In our daily life and work, search websites such as Baidu and Google have become schools where we are taught and reassured. As the saying goes, when there is a problem, find a matchmaker. So how did Baidu find the data it needed in the sea data? Why did he search so fast? We all know that it is because of Baidu’s search engine. What is a search engine? Some programmers may think of es, but it does not represent a search engine. It is only one of the tools. However, this tool is really useful and efficient.

This article will tell you the basic knowledge of search engines and some methods of Chinese word segmentation, and then make a small demo to try data retrieval. Let everyone have a preliminary understanding of the implementation of search engines.

I introduction of search engines

1. What is a search engine

The introduction of Baidu Encyclopedia is quoted here: Search Engine refers to a system that collects information from the Internet according to a certain strategy and using a specific computer program. After organizing and processing the information, it provides users with retrieval services and displays relevant information retrieved by users to users.

2. Classification of search engines

Search engines include full-text index, catalog index, meta search engine, vertical search engine, aggregate search engine, portal search engine and free link list.

Here we mainly introduce the full-text index, which is the classification of search engines used by Baidu.

Full-text index:

The first is the collection of data in the database. The automatic information collection function of the search engine is divided into two types. One is regular search, that is, every once in a while (such as Google is generally 28 days), the search engine actively sends out a “spider” program to search Internet websites within a certain IP address range. Once a new website is found, it will automatically extract the website information and website address and add them to its own database. The other is to submit the website search, that is, the website owner submits the website address to the search engine voluntarily. It sends a “spider” program to your website within a certain period of time (ranging from 2 days to several months), scans your website and stores the relevant information in the database for users to query.

When users search for information with keywords, the search engine will search in the database. If it finds a website that matches the user’s requirements, it will use a special algorithm-usually based on the matching degree, location, frequency and link quality of keywords in the webpage-to calculate the relevance and ranking level of each webpage, and then return these webpage links to the user in sequence according to the level of relevance. This kind of engine is characterized by high search rate.

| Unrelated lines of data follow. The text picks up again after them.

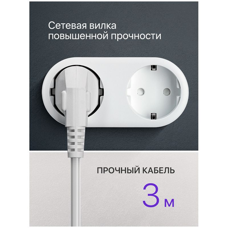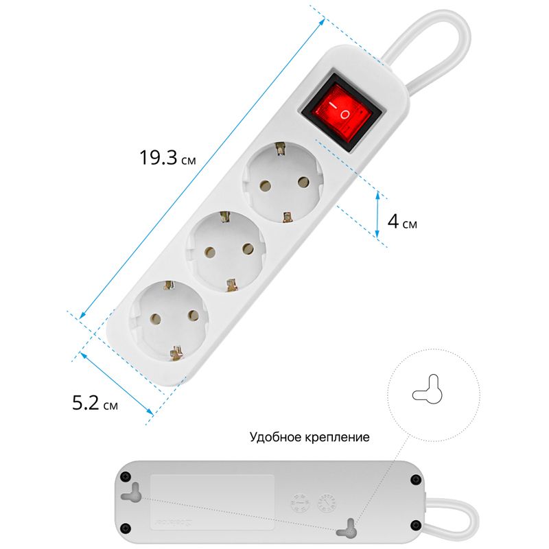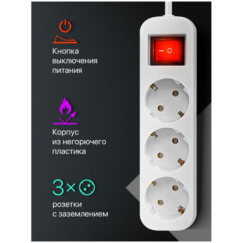 Удлинитель Defender S330, 3 розетки, с заземлением, выключатель, 3м, белый
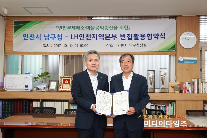 [미디어타임즈=문상수 기자] 인천 남구(구청장 박우섭)는 11일 한국토지주택공사(LH) 인천지역본부와 빈집의 포괄적 활용을 위한 업무협약을 체결했다.이번 협약은 지난해 7월 체결한 ‘주거복지관련 상호협력협약’에서 한 발 더 나아가 거주·사무·공동체 활동·창업 컨텐츠 발굴 및 공동작업 등 마을 공익 증진에 기여할 수 있는 다양한 활동에 빈집을 활용하기 위해 추진됐다.협약에 따라 양 기관은 2017년 10월 현재 LH 인천지역본부가 소유한 39채의 공급 곤란 주택에 대한 포괄적 사용과 추가 발생하는 공급 곤란 주택 및 공공목적으로 공여가 가능한 일반주택에 대한 개별적인 사용협의를 통해 빈집과 마을의 상생을 위한 적극적인 대안 마련에 나서게 된다.특히 구는 올해 행정안전부 마을공방 공모 우수사업으로 선정된 ‘빈집은행’ 사업과 연계, 청년기업들의 마을 취·창업활동의 기반으로 활용할 계획이다.이를 통해 구는 남구지역에서 이탈하고 있는 청년층의 정주비율을 높이고 지속 가능한 마을 형성에 기여할 것으로 기대하고 있다.
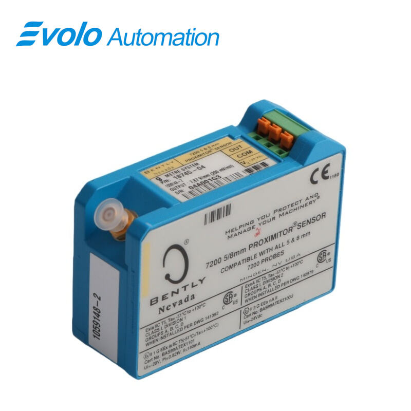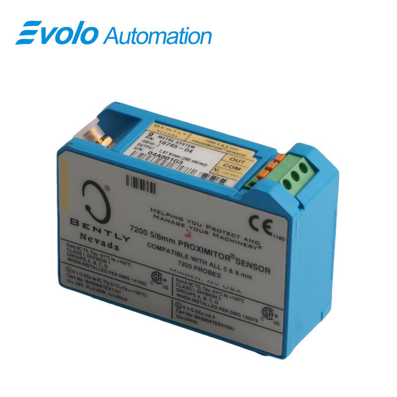 The 18745-04-05 5mm 7200 Proximitor Sensor is a high-precision noncontacting gap-to-voltage proximity sensor engineered for industrial automation, providing accurate measurement of static and dynamic displacements. With a 5 mm probe diameter and a measurement range of 0–5 mm, the sensor outputs a voltage proportional to the gap, enabling real-time monitoring of machinery position, vibration, and alignment. The sensor operates reliably across a wide temperature range from -40°C to +120°C and delivers a frequency response of 0 Hz (DC) to 10 kHz, capturing both slow and high-speed motions with exceptional fidelity. Constructed with stainless steel housing and equipped with a shielded twisted pair cable, the 7200 Proximitor Sensor ensures high durability, IP67 protection against dust and water ingress, and minimal signal interference. Adjustable sensitivity and linearity of ±1% allow for custom calibration to optimize accuracy in fluid-film bearings, turbines, motors, and other precision machinery. Optional M12 or DIN connectors facilitate seamless integration into automation, condition monitoring, and predictive maintenance systems.

3. What problems can search engines solve

1 > efficiently query data (query data by using various algorithms at a millisecond rate, whether it is tens of millions of data or hundreds of millions of data)

2 > it is relatively easy to switch the common database to a search engine.

3 > large amount of data, timeliness, high concurrency, etc.

4. Application scenario of search engine:

1 > when the database reaches the level of millions of data 2 > requires timeliness, high performance and Ms-level response

Let’s take a look at the application of search engines in our common Internet:


The search engine we are going to talk about today is Solr, so what is Solr? What are its advantages and disadvantages compared with es? Let’s first briefly introduce solr:

Solr is a full-text search server based on Lucene. At the same time, it has been extended to provide a richer query language for use than Lucene. At the same time, it has been configurable, extensible, optimized query performance and provided a perfect function management interface. It supports Xml/Http protocol and JSONAPI interface.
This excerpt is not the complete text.